* SUPPLIED INFORMATION
BEGIN

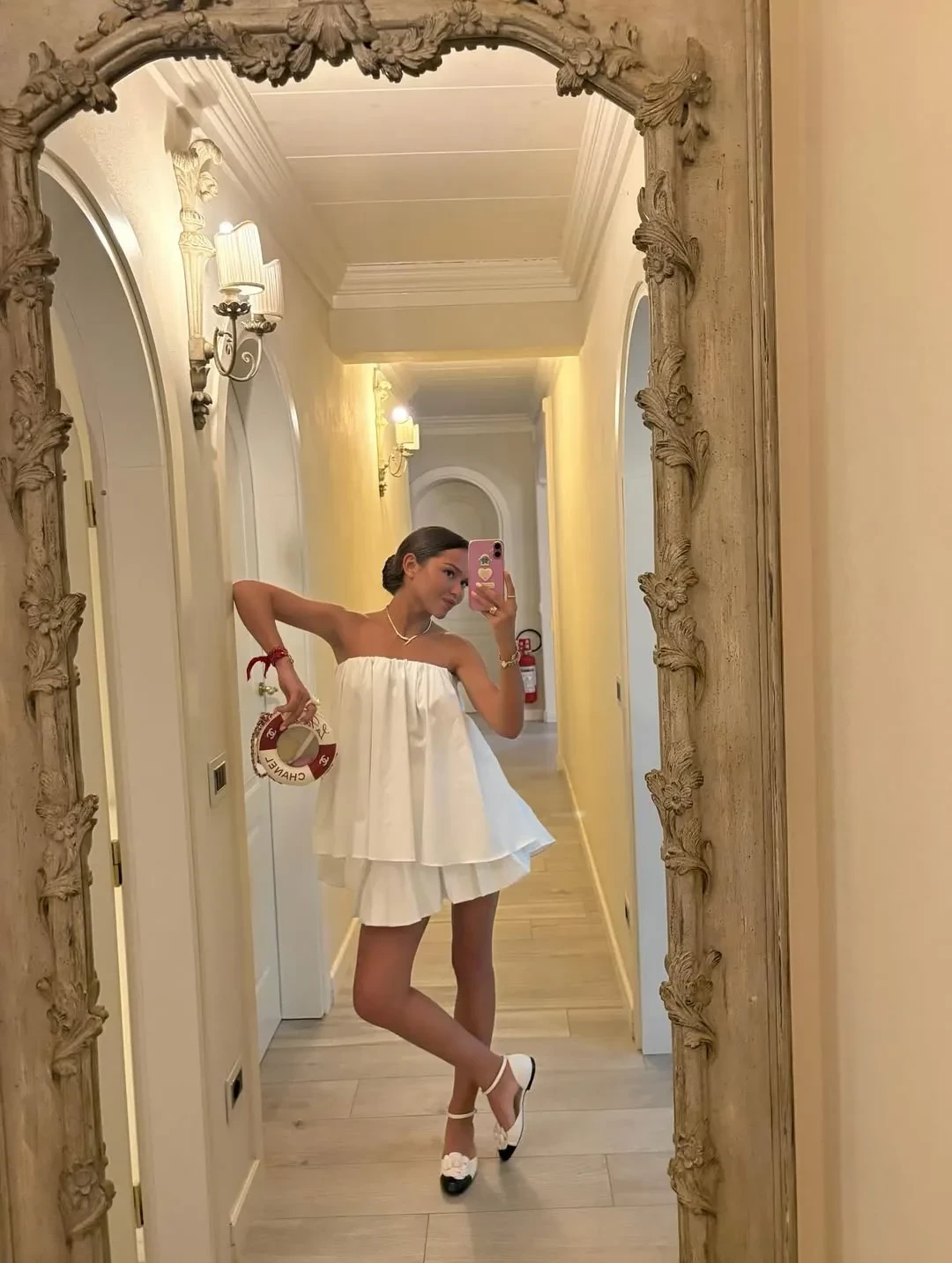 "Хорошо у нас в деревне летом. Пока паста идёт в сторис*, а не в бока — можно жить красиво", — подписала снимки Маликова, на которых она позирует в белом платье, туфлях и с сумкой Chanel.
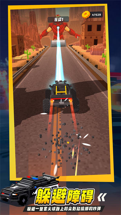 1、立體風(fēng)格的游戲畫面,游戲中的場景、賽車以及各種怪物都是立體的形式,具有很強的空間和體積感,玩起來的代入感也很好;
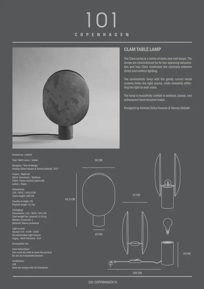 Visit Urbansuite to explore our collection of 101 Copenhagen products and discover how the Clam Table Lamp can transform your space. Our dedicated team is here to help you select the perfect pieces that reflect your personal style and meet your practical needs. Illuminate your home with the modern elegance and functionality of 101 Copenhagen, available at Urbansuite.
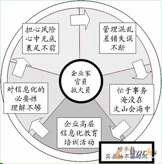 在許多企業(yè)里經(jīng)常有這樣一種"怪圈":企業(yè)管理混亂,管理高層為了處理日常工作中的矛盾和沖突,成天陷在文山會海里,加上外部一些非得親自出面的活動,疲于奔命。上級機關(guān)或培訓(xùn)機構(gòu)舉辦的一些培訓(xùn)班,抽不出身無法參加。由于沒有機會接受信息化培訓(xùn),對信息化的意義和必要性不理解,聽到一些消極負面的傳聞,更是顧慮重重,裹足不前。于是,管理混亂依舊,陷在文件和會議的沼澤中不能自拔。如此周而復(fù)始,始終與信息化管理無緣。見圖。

END

* EXERCISE AIM
Output all lines above precisely. Pictures are to be left out.

* WORKED SOLUTION
 "Хорошо у нас в деревне летом. Пока паста идёт в сторис*, а не в бока — можно жить красиво", — подписала снимки Маликова, на которых она позирует в белом платье, туфлях и с сумкой Chanel.
 1、立體風(fēng)格的游戲畫面,游戲中的場景、賽車以及各種怪物都是立體的形式,具有很強的空間和體積感,玩起來的代入感也很好;
 Visit Urbansuite to explore our collection of 101 Copenhagen products and discover how the Clam Table Lamp can transform your space. Our dedicated team is here to help you select the perfect pieces that reflect your personal style and meet your practical needs. Illuminate your home with the modern elegance and functionality of 101 Copenhagen, available at Urbansuite.
 在許多企業(yè)里經(jīng)常有這樣一種"怪圈":企業(yè)管理混亂,管理高層為了處理日常工作中的矛盾和沖突,成天陷在文山會海里,加上外部一些非得親自出面的活動,疲于奔命。上級機關(guān)或培訓(xùn)機構(gòu)舉辦的一些培訓(xùn)班,抽不出身無法參加。由于沒有機會接受信息化培訓(xùn),對信息化的意義和必要性不理解,聽到一些消極負面的傳聞,更是顧慮重重,裹足不前。于是,管理混亂依舊,陷在文件和會議的沼澤中不能自拔。如此周而復(fù)始,始終與信息化管理無緣。見圖。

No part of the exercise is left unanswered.